Elliot and Roslyn Jaffe Food Allergy Institute, Division of Allergy and Immunology, Department of Pediatrics, Mount Sinai School of Medicine, New York, NY.
J Allergy Clin Immunol Pract. 2013 Jan;1(1):75-82. doi: 10.1016/j.jaip.2012.11.002. Epub 2012 Dec 27.
Increasing data suggest that analysis of IgE to peanut components can be clinically helpful and possibly more accurate than IgE to whole peanut. Not all studies examining this topic, however, have used prospective samples, multiple components, and peanut challenges.
We sought to determine the utility of peanut component testing, using a standardized, commercially available test done before oral peanut challenge in various populations of patients with suspected peanut allergy from 2 different countries.
IgE to whole peanut and the recombinant allergen components Ara h 1, 2, 3, and 8 were analyzed from serum samples drawn before double-blind peanut challenge from 4 distinct cohorts of patients with suspected peanut allergy from 2 nations (United States and Sweden).
Patients (n = 167; median age, 11.7 years; interquartile range, 7.0-15.0 years) had serum analyzed for peanut components and completed an oral food challenge to peanut. Although IgE to peanut was the most sensitive test (0.93), Ara h 2 was the most specific (0.92) and provided the best positive predictive value (0.94) of all the tests. Ara h 2 was also the best overall diagnostic test by receiver operating characteristic analysis (area under the curve, 0.84; P < .05).
In patients with suspected peanut allergy, IgE to peanut is a sensitive test but is not specific. IgE to Ara h 2 is a more specific and more accurate diagnostic test in this sampling of patients with suspected peanut allergy.
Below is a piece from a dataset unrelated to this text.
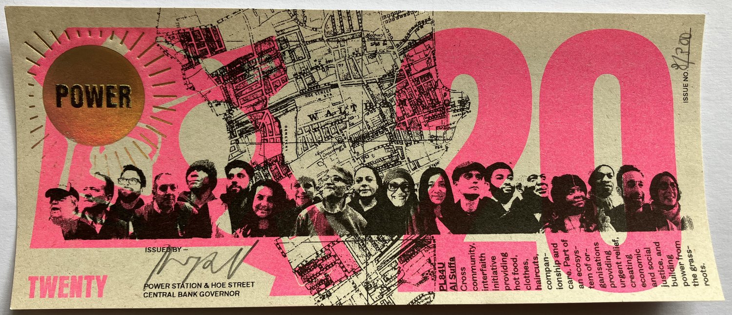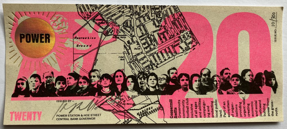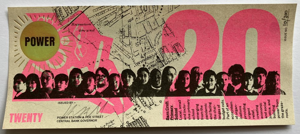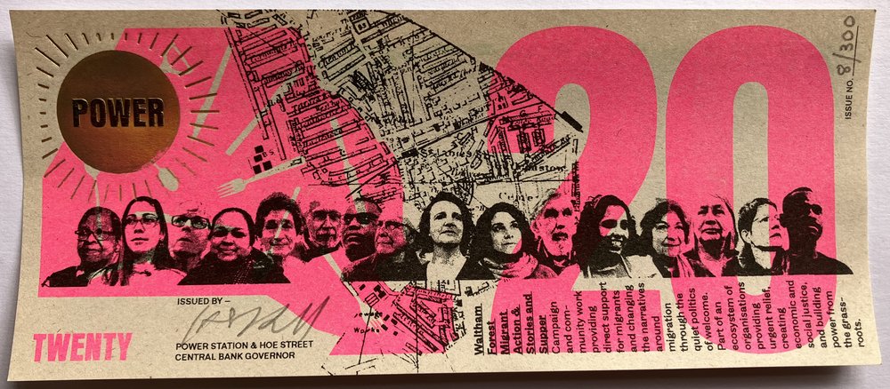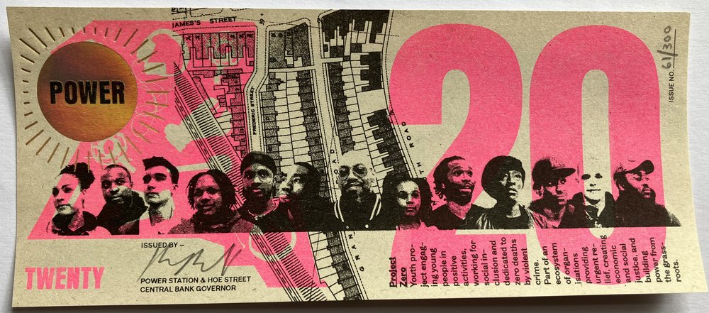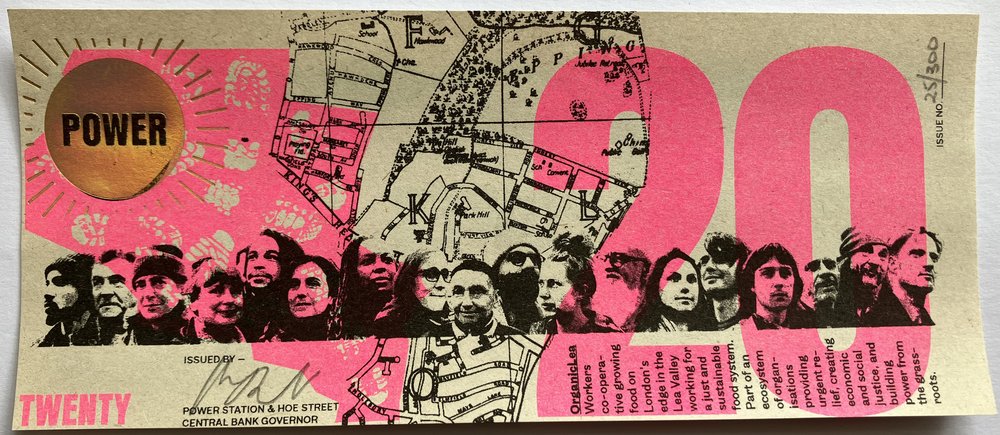 All Greenbacks were made in public in May 2022 in Walthamstow, North East London by a team of local people trained in riso printing, uv ink screen printing and foil blocking.

Given each tests attributes, a stepwise approach to testing may provide clinicians with a way to minimize the need for peanut challenges.
越来越多的数据表明,分析花生成分的 IgE 可能具有临床意义,并且比 IgE 对整个花生更准确。然而,并非所有研究该主题的研究都使用了前瞻性样本、多种成分和花生挑战。
我们旨在确定花生成分检测的实用性,使用标准化的、市售的测试,在来自两个不同国家的疑似花生过敏的各种患者人群中,在口服花生挑战之前进行。
从来自两个国家(美国和瑞典)的 4 个不同队列的疑似花生过敏患者的双盲花生挑战前抽取的血清样本中分析了总花生和重组过敏原成分 Ara h 1、2、3 和 8 的 IgE。
患者(n=167;中位年龄 11.7 岁;四分位间距 7.0-15.0 岁)对花生成分进行了血清分析,并完成了花生口服食物挑战。虽然 IgE 对花生是最敏感的测试(0.93),但 Ara h 2 是最特异的(0.92),并且所有测试中提供了最佳的阳性预测值(0.94)。Ara h 2 通过接受者操作特征分析(曲线下面积,0.84;P<.05)也是最佳的总体诊断测试。
在疑似花生过敏的患者中,IgE 对花生是一种敏感的测试,但特异性不高。IgE 对 Ara h 2 是一种更特异和更准确的诊断测试,在这个疑似花生过敏患者的样本中。考虑到每个测试的属性,逐步测试方法可能为临床医生提供一种方法,以最小化对花生挑战的需求。